- _SOURCE DATA_
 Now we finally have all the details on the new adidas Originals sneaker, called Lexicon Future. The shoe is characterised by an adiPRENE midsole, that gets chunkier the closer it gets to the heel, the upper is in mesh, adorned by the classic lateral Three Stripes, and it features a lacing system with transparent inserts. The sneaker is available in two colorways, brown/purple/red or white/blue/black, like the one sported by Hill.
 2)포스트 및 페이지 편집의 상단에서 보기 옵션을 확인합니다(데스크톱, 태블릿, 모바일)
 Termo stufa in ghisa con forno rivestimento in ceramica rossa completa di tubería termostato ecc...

* * *

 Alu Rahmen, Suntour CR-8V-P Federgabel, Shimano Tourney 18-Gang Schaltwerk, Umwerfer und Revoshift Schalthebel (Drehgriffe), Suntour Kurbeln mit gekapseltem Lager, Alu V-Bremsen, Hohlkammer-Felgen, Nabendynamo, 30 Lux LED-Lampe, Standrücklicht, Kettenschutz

* * *

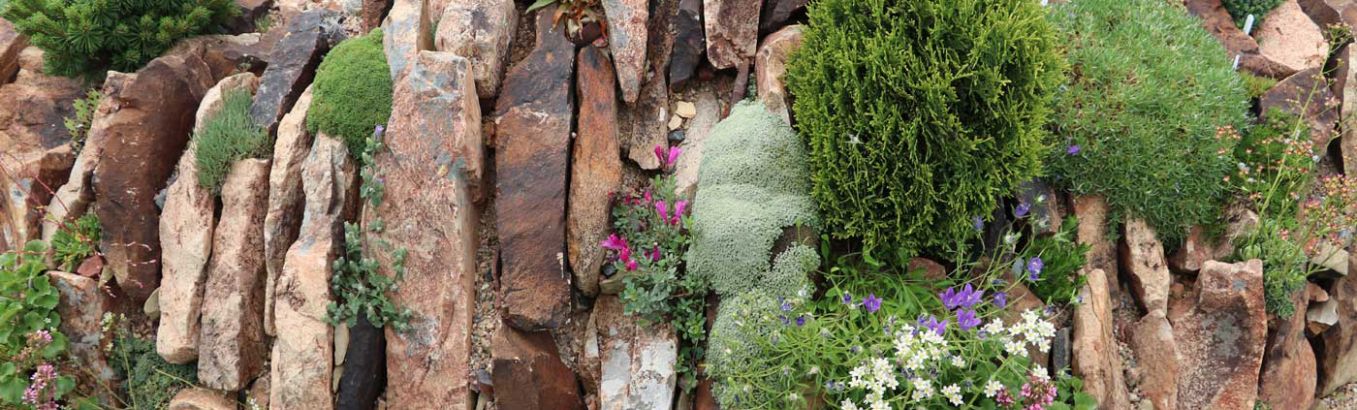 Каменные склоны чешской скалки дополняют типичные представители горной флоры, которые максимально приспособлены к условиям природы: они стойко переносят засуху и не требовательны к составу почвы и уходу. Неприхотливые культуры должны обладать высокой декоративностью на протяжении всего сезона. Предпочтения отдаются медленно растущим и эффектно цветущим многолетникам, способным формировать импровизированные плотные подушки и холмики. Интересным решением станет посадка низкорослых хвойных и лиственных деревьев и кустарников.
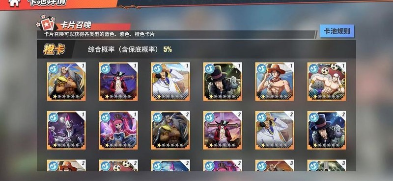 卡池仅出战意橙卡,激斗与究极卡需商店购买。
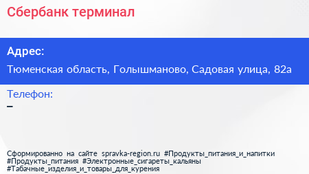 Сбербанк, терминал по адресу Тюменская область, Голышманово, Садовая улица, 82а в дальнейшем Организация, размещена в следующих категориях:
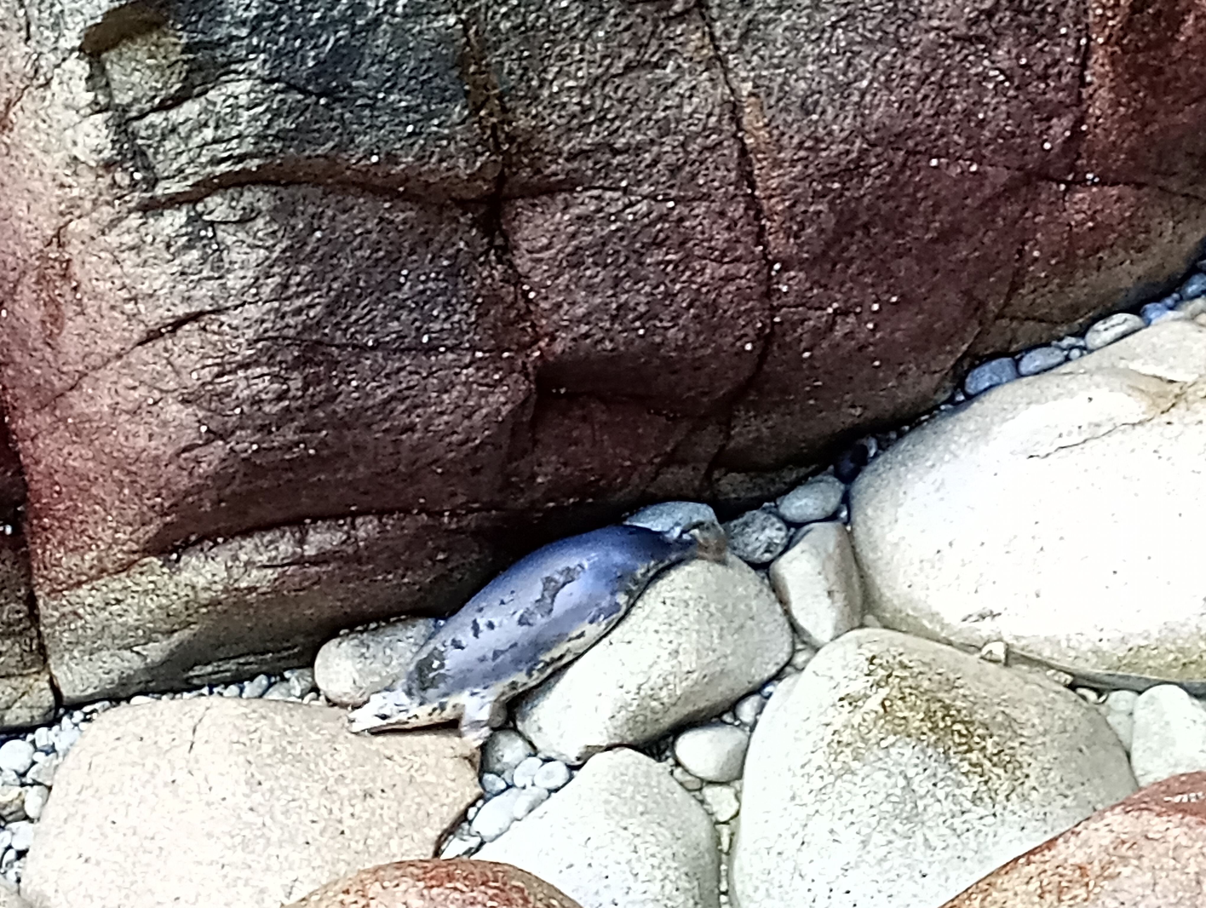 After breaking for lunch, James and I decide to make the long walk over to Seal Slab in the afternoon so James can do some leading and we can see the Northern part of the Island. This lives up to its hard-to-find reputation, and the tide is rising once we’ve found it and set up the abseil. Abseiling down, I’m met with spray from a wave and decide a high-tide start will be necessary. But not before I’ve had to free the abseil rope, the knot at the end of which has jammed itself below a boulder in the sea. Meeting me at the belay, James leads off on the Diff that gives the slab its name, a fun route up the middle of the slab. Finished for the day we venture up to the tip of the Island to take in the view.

- _PROBLEM REQUIREMENTS_
Beginning with the line containing "2)포스트 및 페이지" in the material above, copy every line exactly until you have copied the line containing "Termo stufa in".

- _FINAL ANSWER_
 2)포스트 및 페이지 편집의 상단에서 보기 옵션을 확인합니다(데스크톱, 태블릿, 모바일)
 Termo stufa in ghisa con forno rivestimento in ceramica rossa completa di tubería termostato ecc...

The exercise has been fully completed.